╭──
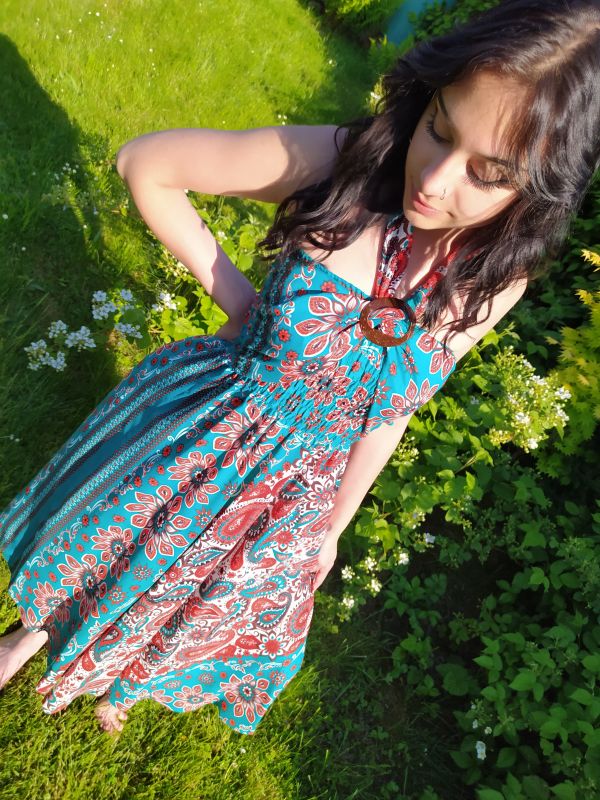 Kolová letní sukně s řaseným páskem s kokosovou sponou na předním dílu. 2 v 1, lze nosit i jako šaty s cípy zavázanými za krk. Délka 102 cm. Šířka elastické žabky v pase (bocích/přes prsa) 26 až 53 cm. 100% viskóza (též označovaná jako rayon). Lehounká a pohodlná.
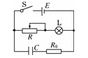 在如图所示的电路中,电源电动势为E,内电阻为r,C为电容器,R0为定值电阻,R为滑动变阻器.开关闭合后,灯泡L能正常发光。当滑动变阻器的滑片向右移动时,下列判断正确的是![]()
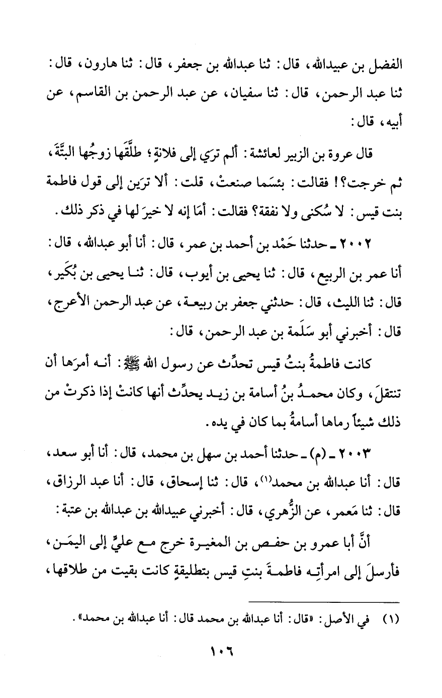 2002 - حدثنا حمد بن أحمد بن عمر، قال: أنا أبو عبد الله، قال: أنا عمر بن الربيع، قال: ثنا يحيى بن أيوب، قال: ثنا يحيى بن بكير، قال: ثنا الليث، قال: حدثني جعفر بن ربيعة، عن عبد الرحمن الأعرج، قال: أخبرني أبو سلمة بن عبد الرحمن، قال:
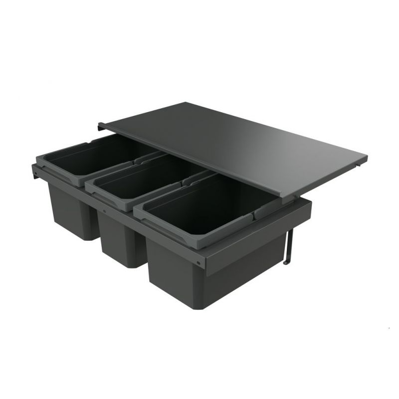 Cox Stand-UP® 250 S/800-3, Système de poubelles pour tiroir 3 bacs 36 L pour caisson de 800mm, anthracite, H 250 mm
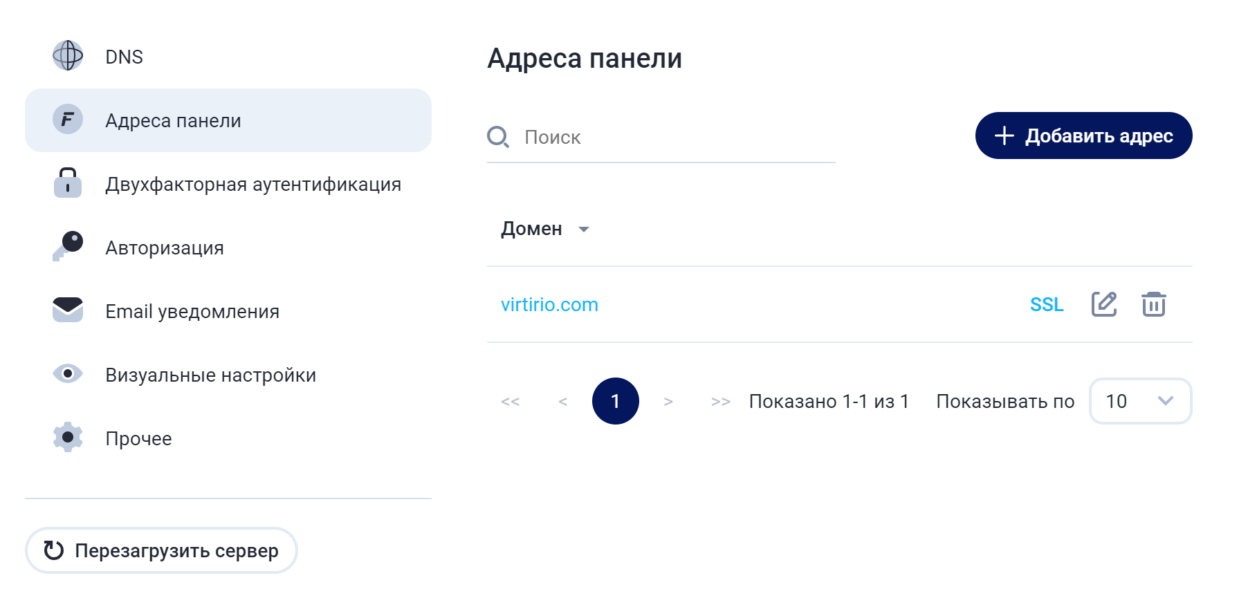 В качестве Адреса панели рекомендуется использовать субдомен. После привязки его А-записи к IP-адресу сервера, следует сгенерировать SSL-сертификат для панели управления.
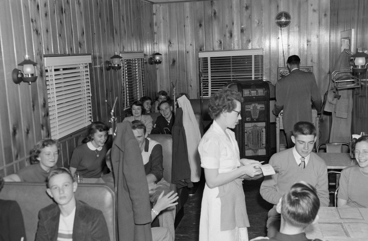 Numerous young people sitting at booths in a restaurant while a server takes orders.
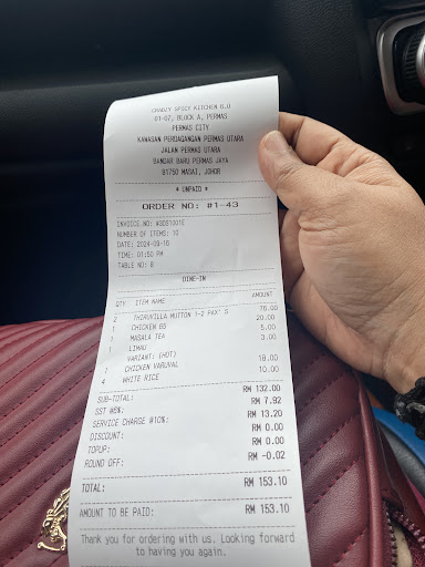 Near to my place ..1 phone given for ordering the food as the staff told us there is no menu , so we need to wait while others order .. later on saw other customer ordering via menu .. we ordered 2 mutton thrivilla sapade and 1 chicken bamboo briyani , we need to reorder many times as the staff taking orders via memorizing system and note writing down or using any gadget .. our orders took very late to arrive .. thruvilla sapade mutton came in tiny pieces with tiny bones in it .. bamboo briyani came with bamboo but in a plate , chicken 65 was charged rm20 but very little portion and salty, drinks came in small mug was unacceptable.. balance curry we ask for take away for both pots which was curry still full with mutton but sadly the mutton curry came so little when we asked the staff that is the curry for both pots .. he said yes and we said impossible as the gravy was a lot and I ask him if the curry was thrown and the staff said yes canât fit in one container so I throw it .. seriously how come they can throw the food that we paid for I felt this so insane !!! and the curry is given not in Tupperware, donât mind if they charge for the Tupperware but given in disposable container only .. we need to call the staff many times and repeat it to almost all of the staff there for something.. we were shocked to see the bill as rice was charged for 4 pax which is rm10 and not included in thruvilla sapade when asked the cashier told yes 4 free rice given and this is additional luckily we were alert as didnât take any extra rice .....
╰──
╭──
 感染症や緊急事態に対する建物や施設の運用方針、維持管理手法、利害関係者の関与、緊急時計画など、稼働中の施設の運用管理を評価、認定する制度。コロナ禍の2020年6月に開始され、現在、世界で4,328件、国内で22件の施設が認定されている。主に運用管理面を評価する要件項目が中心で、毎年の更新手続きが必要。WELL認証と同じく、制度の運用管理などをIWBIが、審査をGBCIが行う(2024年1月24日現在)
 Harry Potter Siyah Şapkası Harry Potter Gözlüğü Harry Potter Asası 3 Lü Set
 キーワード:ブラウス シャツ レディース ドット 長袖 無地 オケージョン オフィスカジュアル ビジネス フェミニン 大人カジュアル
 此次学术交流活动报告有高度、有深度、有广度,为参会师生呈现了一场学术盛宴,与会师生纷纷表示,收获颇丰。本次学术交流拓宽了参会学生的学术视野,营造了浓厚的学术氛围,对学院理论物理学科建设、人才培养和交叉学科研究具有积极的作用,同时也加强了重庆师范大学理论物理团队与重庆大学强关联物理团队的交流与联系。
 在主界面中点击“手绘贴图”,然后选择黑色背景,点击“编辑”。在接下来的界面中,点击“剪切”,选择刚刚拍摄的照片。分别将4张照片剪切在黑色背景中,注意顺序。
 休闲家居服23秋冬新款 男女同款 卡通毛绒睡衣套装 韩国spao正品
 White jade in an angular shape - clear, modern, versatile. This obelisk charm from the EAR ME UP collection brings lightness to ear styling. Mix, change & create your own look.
╰──
Among the lines above, the one with "Kolová letní sukně" opens the part to repeat and the one with "在如图所示的电路中,电源电动" closes it; repeat only that part exactly, with no pictures.

_Written answer_:
 Kolová letní sukně s řaseným páskem s kokosovou sponou na předním dílu. 2 v 1, lze nosit i jako šaty s cípy zavázanými za krk. Délka 102 cm. Šířka elastické žabky v pase (bocích/přes prsa) 26 až 53 cm. 100% viskóza (též označovaná jako rayon). Lehounká a pohodlná.
 在如图所示的电路中,电源电动势为E,内电阻为r,C为电容器,R0为定值电阻,R为滑动变阻器.开关闭合后,灯泡L能正常发光。当滑动变阻器的滑片向右移动时,下列判断正确的是![]()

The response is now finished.